Friday, December 6, 2019
Money for nothing?
For decades, Oklahoma politicians vowed they could defy the laws of financial reality by giving state retirees ever-larger benefit checks without paying for those benefits, without any impact on other taxpayers, and without any impact on the rest of state government.
Rather than provide “money for nothing” to retirees, however, those politicians instead saddled Oklahomans with enormous unfunded liabilities that left current teachers and state workers with an unsecure retirement and forced the diversion of millions of dollars from schools, roads, and other needs.

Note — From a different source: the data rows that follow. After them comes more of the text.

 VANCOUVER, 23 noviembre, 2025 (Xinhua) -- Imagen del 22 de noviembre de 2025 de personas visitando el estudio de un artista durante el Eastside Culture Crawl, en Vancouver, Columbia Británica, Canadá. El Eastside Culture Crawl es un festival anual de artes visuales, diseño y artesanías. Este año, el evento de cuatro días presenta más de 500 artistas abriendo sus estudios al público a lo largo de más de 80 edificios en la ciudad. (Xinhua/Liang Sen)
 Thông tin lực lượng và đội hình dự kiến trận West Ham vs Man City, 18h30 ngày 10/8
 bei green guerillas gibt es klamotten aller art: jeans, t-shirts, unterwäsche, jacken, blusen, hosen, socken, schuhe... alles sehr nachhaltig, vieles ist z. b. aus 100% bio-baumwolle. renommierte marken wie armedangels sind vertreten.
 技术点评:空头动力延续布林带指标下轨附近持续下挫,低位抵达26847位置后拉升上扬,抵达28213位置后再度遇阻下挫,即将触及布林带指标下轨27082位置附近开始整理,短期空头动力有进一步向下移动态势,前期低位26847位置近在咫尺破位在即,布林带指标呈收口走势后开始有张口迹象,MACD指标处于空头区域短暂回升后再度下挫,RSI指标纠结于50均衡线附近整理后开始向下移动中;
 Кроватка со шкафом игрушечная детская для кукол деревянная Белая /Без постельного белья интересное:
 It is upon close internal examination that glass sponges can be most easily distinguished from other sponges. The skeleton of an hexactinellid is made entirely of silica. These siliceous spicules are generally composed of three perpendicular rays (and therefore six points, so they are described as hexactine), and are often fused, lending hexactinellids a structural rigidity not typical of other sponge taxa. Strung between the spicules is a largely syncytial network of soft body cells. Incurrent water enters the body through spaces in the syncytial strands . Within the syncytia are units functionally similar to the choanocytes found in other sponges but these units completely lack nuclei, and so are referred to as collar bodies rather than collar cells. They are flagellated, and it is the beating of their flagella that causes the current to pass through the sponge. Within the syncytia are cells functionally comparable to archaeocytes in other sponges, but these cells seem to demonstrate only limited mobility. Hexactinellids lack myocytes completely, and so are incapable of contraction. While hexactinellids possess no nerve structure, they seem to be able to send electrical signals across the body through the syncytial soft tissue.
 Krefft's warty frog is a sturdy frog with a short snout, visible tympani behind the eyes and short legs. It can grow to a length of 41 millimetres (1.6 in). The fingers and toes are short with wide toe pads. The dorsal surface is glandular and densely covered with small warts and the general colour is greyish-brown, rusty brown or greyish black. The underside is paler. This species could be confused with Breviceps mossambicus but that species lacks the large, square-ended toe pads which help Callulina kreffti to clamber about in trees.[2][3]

There were 19 “cost of living” adjustments (COLAs) provided to state employees from 1975 to 2008, and most were approved without any funding. So how did lawmakers “pay” for those COLAs? By raiding pension assets again and again and again. It didn’t take long before Oklahoma had some of the worst-funded state pension systems in the nation. The teachers’ retirement system was in especially bad shape with a funded ratio that hovered around just 50 percent.
Thanks to several reform laws passed in the last decade, the situation has improved dramatically. One of the most significant reforms was to require full funding for benefit increases (imagine that!). But legislation filed in 2019, which could advance in 2020, would evade that requirement and provide increased retirement benefits without funding. Instead, it would raid state pensions of more than $850 million, according to estimates.

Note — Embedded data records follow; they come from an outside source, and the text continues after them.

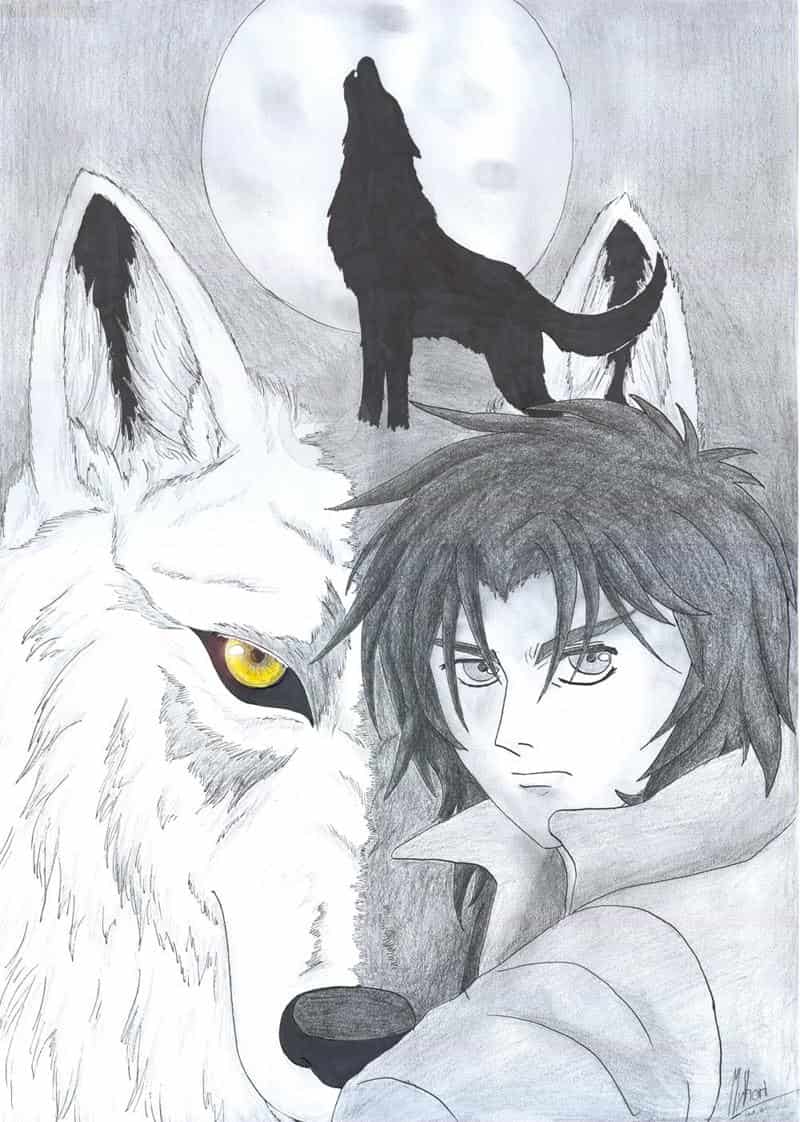 Waaa! Jetzt bin ich wach! Alsooo... hm. An diesem Bild hatte ich ganze zwei Tage! o.O (mit einer Schlafenspause, natürlich ^^0) Ich habe bei diesem Bild mal etwas gespielt und mehrere einzelne Elemente zusammengefügt. Der Wolf ist von einem Bild aus dem Artbook, Kiba (das ist doch Kiba, oder?) habe ich von einem anderen Bild genommen und dazugesetzt. der Wolf im hintergrund habe ich selber gezeichnet. (ich konnte mich noch an einen Wolf in dieser Pose aus dem Artbook erinnern^^) Tja, das ist dabei herausgekommen. Weil ich Kibas Augen als Wolf so wunderschön finde, habe ich sie als einziges Element mit Frabe gezeichnet. ich finde, das gibt dem Bild noch einen ganz speziellen Touch, oder? Der Rest ist mit Bleistift. ^^
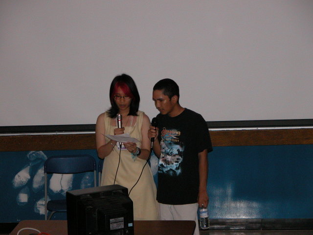 I have had some good feedback about the karaoke room. It definitely made the difference for a many con-goers on a what normally would be a dull Friday night or a nice late night cap for Saturday night or even an afternoon jaunt on Sunday. Sure, I will always have complaints about room accoustics, audience participation, and of course room ventilation. But this is SFU and not a whole lot can be done with a bomb shelter turned into a school. I am glad that I was able to create some good memories for some people and make their Anime Evolution 2005 experience more enjoyable and more entertaining. I look forward to taking account to several issues we had this year about equipment and song logistics and incorporate them for next year. |
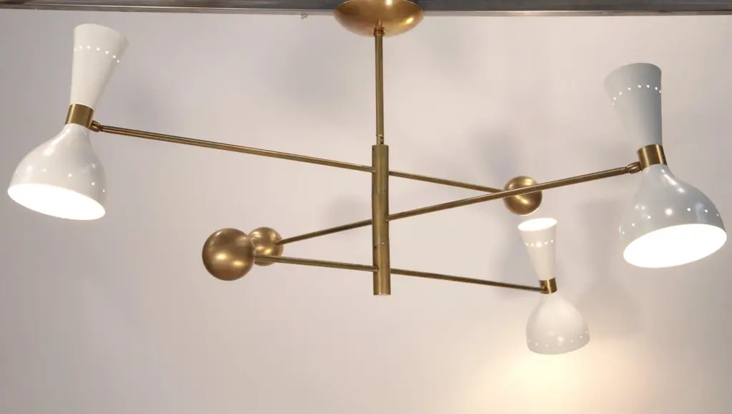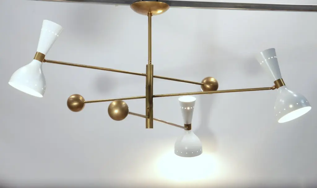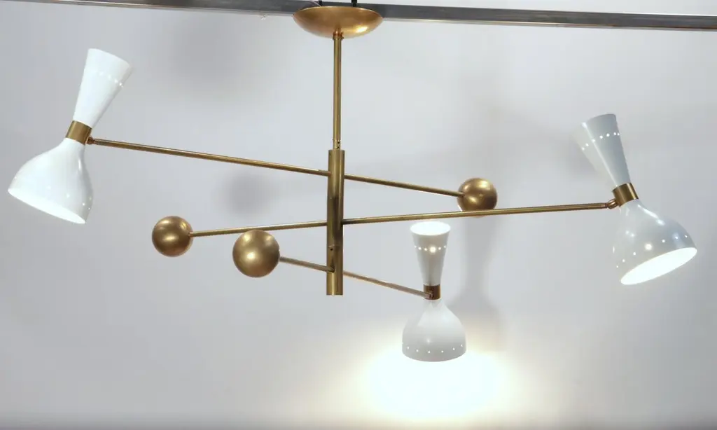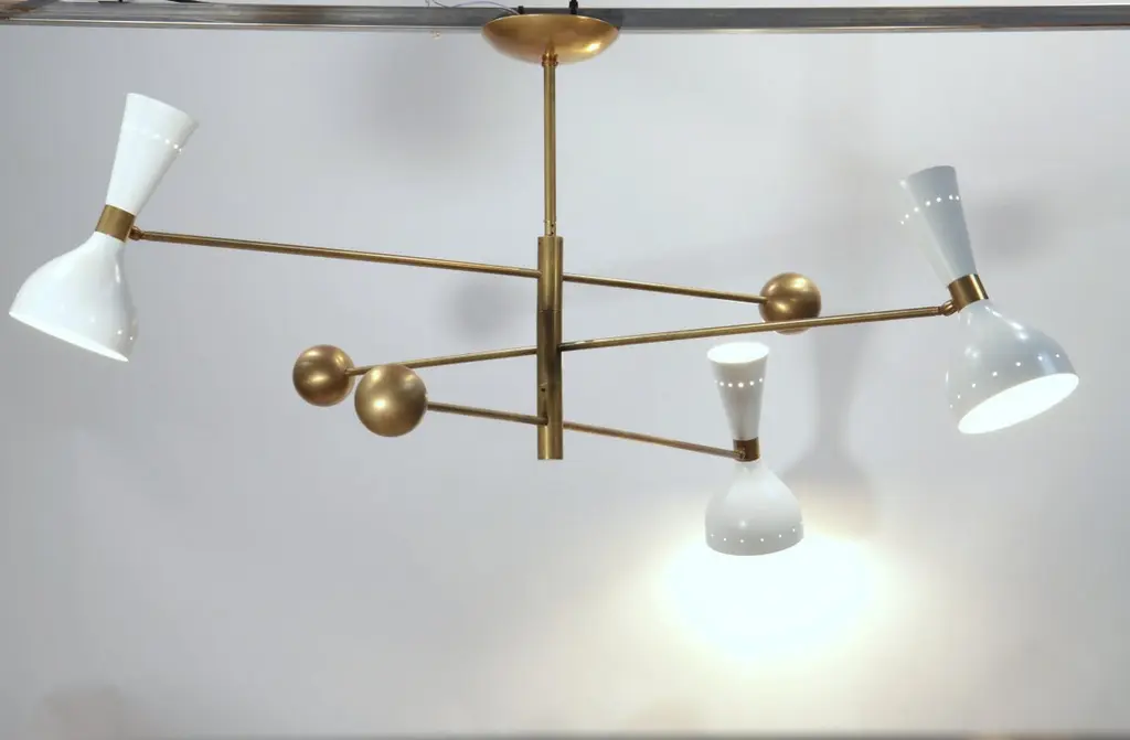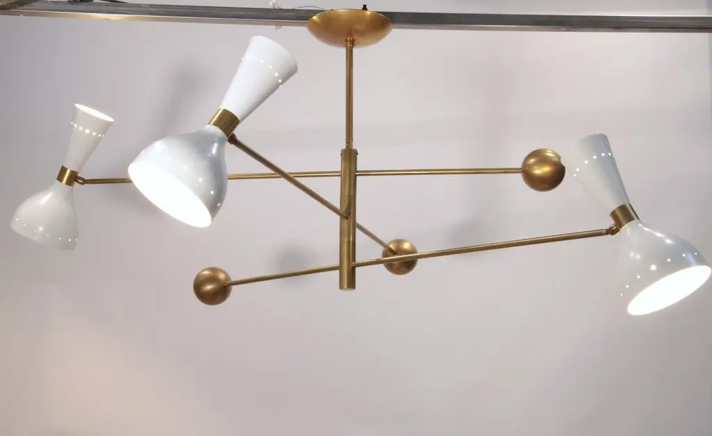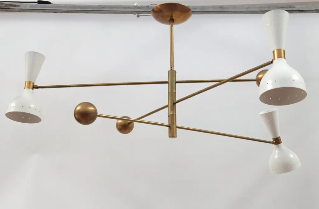 This 3-armed chandelier with twin shades is a versatile and elegant fixture perfect above a kitchen island, over a counter, dining table, or in a living room. The chandelier's three rotating arms and adjustable shades provide task lighting and customizable illumination options.The arms are balanced with a heavy cast brass sphere and rotate in an orbital movement around the stem. To ensure perfect balance, the sphere is filled with sand, reaching the point of no leverage. The hand-spun aluminum shades are lacquered with ivory powder paint and finished with an eggshell semi-matte sheen. They are connected to the arm with a pivot joint, allowing for a range of light orientations. Each shade holds two bulbs, with the larger shade fitting an E27/E26 A15 bulb for direct or task lighting, and the smaller cone holding a candelabra E14/E12 bulb for ambiance.The outline of the shades has been designed to echo the iconic 1950s pieces made by mid-century modern Italian studios Arteluce and Stilnovo, but with a unique and distinctive design that will add elegance and sophistication to any home.They can be customized with colors from the 1950s palette, such as ivory, sage and black. Other colors are available upon request.The stem features a rotating system with 180 degrees of motion on each arm, allowing for safe and easy adjustment of the chandelier's position. The standard brass finish features a beautiful noisette hazelnut patina achieved through the restorer technique of liver sulfur and uniformed with a polishing pad. Alternatively, the chandelier can be made with regular polished brass. The arms and body are crafted from natural solid brass and hand-finished.This chandelier is currently only made to order. Please contact us for any special size requirements.This fixture must only be installed by someone familiar with how the product is constructed and operated.

One doesn’t have to be a certified public accountant (although I am) to know where we’re headed with such legislation: back where we started.
The impact of past pension raids continues to be felt throughout the state. For one thing, lawmakers have had to direct hundreds of millions of dollars in additional funding to the existing system to shore it up. That’s money that would have otherwise gone to other needs like schools, roads, and public safety. Remember in 2018 when legislators claimed they had to raise taxes to cover expenses? Those tax increases are one logical outcome of state pension raids.
Rather than repeat a regrettable part of our history, lawmakers need to embrace real reform. That means not only admitting that pension benefits should be funded, even if that means legislators must provide less spending to other state agencies, but also overhauling the system.
Today’s workforce is highly mobile, and the 20-something who hires on as an educator or support personnel today probably won’t remain there for the next three decades. Plus, the current outdated defined-benefit plans provide employees no asset that can be passed on to help other family members or their future generations. It’s time to provide all non-hazard-duty government workers with a 401(k)-style retirement plan whose assets follow them when they leave a government job.
Oklahoma needs a modern retirement system fitted to the needs of modern workers, not a “greatest hits” rerun of the failed financial policies of the past.